- Saved data entries
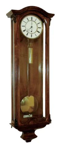 C. Suchy & Soehne, in Prague, Vienna regulator, walnut and walnut veneered case with with light wood trim around side glasses, and with string inlay in backboard, signed Roman numeral white enamel dial, pierced blued steel hands, signed brass 30 day
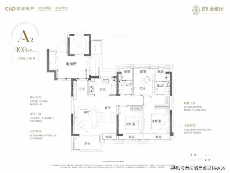 建面约103㎡3房2卫户型图:☑️☑️海阅首府售楼处电话:400-1183-605☑️☑️
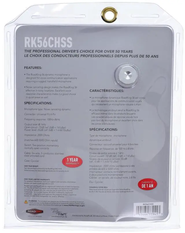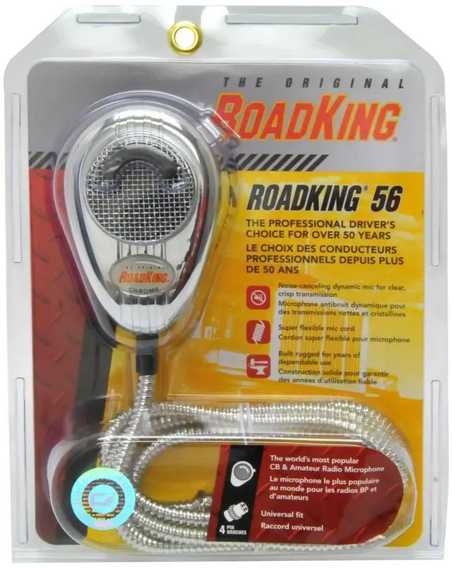 RoadKing RK56CHSS 4-Pin Dynamic Noise Canceling CB Microphone Chrome & Chrome Cord
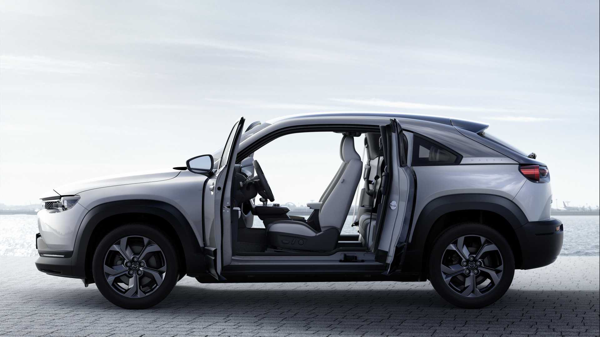 Như có thể quan sát trong ảnh, cửa bên phía sau trên MX-30 thuộc diện vô cùng đặc biệt khi vừa là cửa nghịch, vừa không có tay nắm ngoài. Kích cỡ nhỏ đồng nghĩa với việc người dùng khó ra vào hơn bình thường nhưng giao diện cửa nghịch đã trung hòa yếu tố đó.
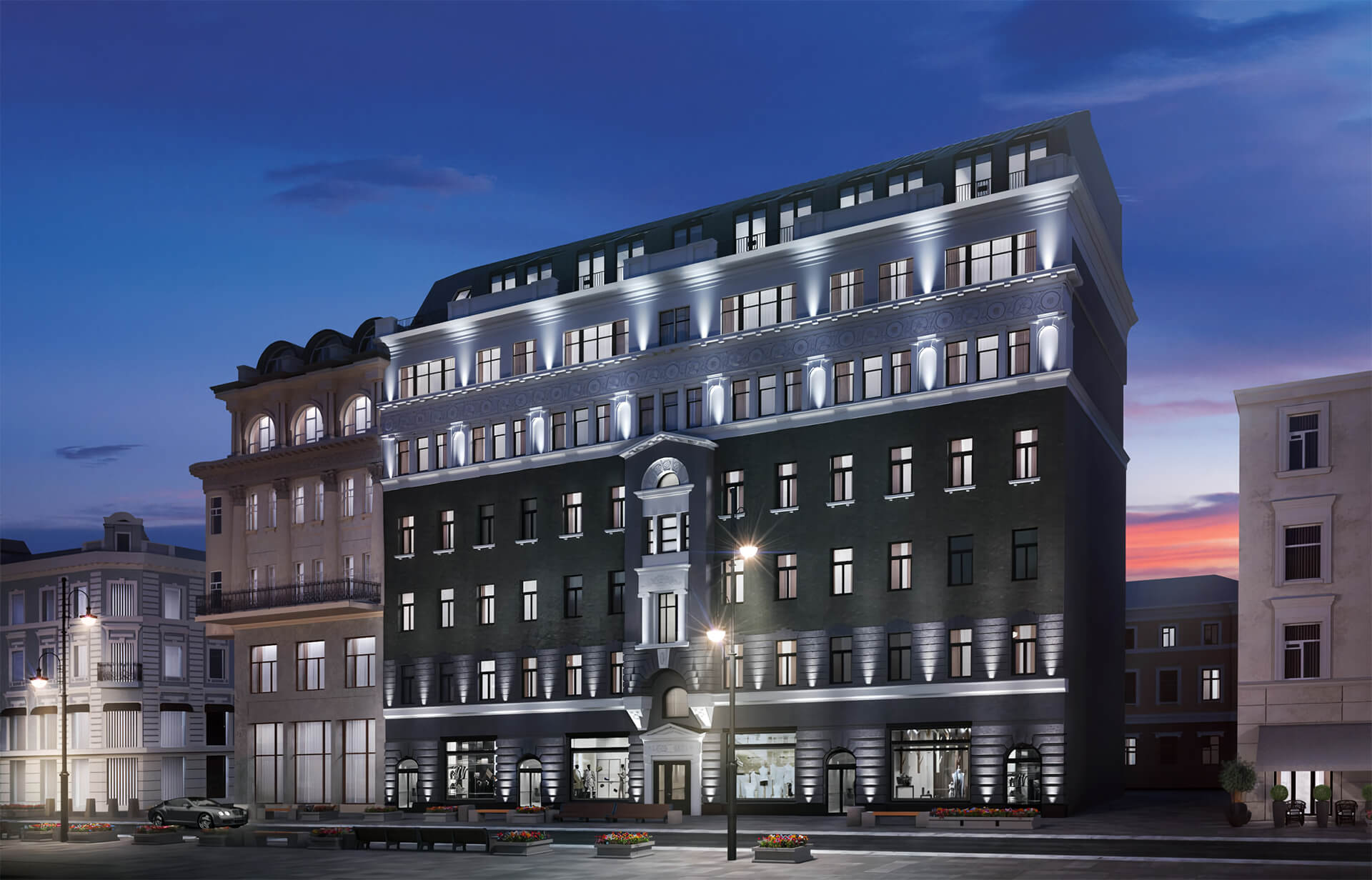Дом оснащён передовыми инженерными системами, включая современные системы безопасности и климат-контроль. Особую атмосферу создают просторные пентхаусы с панорамными окнами, из которых открываются виды на исторический центр столицы. Каждый элемент интерьера и экстерьера продуман до мелочей, чтобы подчеркнуть статусность и уникальность жилого комплекса.
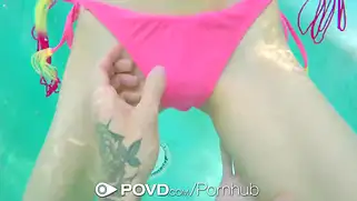- Парень затащил девушку в бассейн и там стягивает розовые трусики с неё и начинает ласкать между ног и сувать большой член в ротик. Милашка естественно кончает от ебли с парнем, у которого такой большой член и занимается сексом прямо в воде. Она отменно сосет длинный член и естественно получает сильный оргазм.
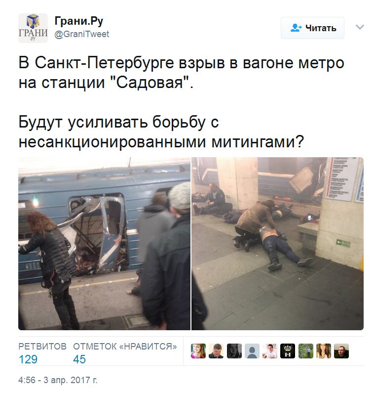 По их данным, инцидент случился на станции метро «Сенная площадь»​. В результате случившегося, по их словам, много пострадавших. Они также рассказали, что взрыв произошел в вагоне. Официальной информации по этому поводу пока нет.

- What the exercise asks
Every record, from top to bottom, gets written out exactly; no picture goes into the copy.

- Task result
 C. Suchy & Soehne, in Prague, Vienna regulator, walnut and walnut veneered case with with light wood trim around side glasses, and with string inlay in backboard, signed Roman numeral white enamel dial, pierced blued steel hands, signed brass 30 day
 建面约103㎡3房2卫户型图:☑️☑️海阅首府售楼处电话:400-1183-605☑️☑️
 RoadKing RK56CHSS 4-Pin Dynamic Noise Canceling CB Microphone Chrome & Chrome Cord
 Như có thể quan sát trong ảnh, cửa bên phía sau trên MX-30 thuộc diện vô cùng đặc biệt khi vừa là cửa nghịch, vừa không có tay nắm ngoài. Kích cỡ nhỏ đồng nghĩa với việc người dùng khó ra vào hơn bình thường nhưng giao diện cửa nghịch đã trung hòa yếu tố đó.
Дом оснащён передовыми инженерными системами, включая современные системы безопасности и климат-контроль. Особую атмосферу создают просторные пентхаусы с панорамными окнами, из которых открываются виды на исторический центр столицы. Каждый элемент интерьера и экстерьера продуман до мелочей, чтобы подчеркнуть статусность и уникальность жилого комплекса.
- Парень затащил девушку в бассейн и там стягивает розовые трусики с неё и начинает ласкать между ног и сувать большой член в ротик. Милашка естественно кончает от ебли с парнем, у которого такой большой член и занимается сексом прямо в воде. Она отменно сосет длинный член и естественно получает сильный оргазм.
 По их данным, инцидент случился на станции метро «Сенная площадь»​. В результате случившегося, по их словам, много пострадавших. Они также рассказали, что взрыв произошел в вагоне. Официальной информации по этому поводу пока нет.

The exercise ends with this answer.